A: The book is different in a number
of ways. First, I am a very unlikely person to have written a self-help book. If you had known me before I'd written the book,
you'd know precisely what I mean. But that fact alone reveals how strongly I felt about writing it, because I knew that if
I could change for the better, then I felt anyone could do it and that there was a good chance that I could help a lot of
people by describing the process and arranging the pieces in a way that could be easily understood.
The
other key point of difference is the way the book is arranged. The story is structured into three parts, The Method, Some
Cool Tricks and For the Hard-Core Cynics, each of which contain the important lessons I wanted to share. Every chapter is
also broken up with a narrative of my personal story, told for the purpose of detailing my amazing attitude transformation.
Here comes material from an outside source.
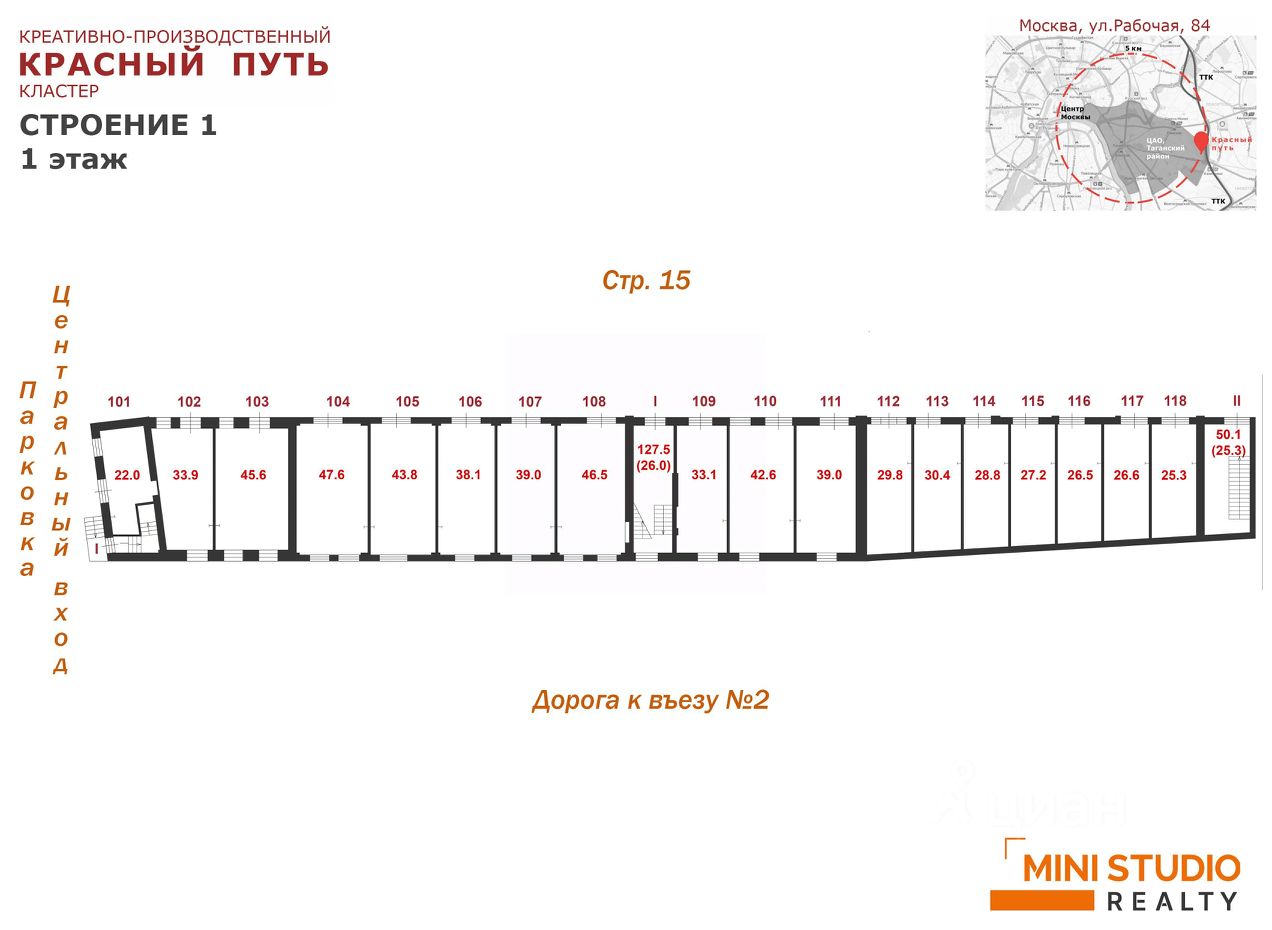 Помещение с отдельным входом (лот 106 на плане) располагается на первом этаже в строении 1.

It begins with the extremely low point when others felt the need to reach out to help me to remember the important things
in life and goes on to detail the many people that helped me to learn the most important life lessons, including: my childhood
friend Robert Smith, my father (a former President of Disneyland International), PBA Chairman Chris Peters and former PBA
CEO Steve Miller.
Q: Is the book as funny as your blogs?
A: Yes! But there is also a serious side too.
Q: How is your book different from
something like The Secret?
A: My book is similar to The Secret
in that it proposes a method for success, but it is different in a number of ways. First, it is a bit more practical when
it comes to outlining the method for achieving success. The Secret comes very close to describing a similar method
for success in its "Ask, Believe, Receive" mantra. In my book, the first two of these elements ("Ask"
and "Believe") are integral (although I call them "Dream" and "Self-Belief"), but I believe
there has to be some proactive work done to achieve the goal. I call it hard work (which turns a lot of people off, of course)
but to use the model of The Secret, you would simply replace the word "Receive" with "Retrieve."
The best part of all this (and the good news for the folks who don't want to have to work hard) is that once you decide on
what you want and then you begin to believe you can get it, the work is no longer hard, but becomes a fun activity that fills
your days with joy and purpose.
Second, my book spends a significant amount of time discussing
how to deal with your success once you've attained it (and that conducting yourself in this manner before
you reach your goals will actually help you get there even faster). Probably the best way to describe my
book is that it's a cross between The Secret and the late Randy Pausch's book, The Last Lecture.
But I also quote a number of more research-driven books like Malcolm Gladwell's Blink, Sam Harris' The
End of Faith and Steven Pinker's The Blank Slate to help me make my point.
Q: Do you have to be a bowler to like this book?
A: Absolutely
not! Bowling obviously plays a major role (although it really serves more as the setting rather than as the primary focal
point) because of my involvement with the sport my whole life. But the lessons bowling taught me are lessons I could have
learned if I had chosen to be a golfer or a doctor or a writer (oops, I guess that one's a bad example now). My hope is that
the book will find its way into the hands of people who don't bowl and that these people will come away with a new appreciation
for bowlers and the sport of bowling.
Q: What is your goal with the book?
A: That is a simple one. To help as many people as possible to experience the gift of embracing an optimistic way
of life and to help them reap its many rewards.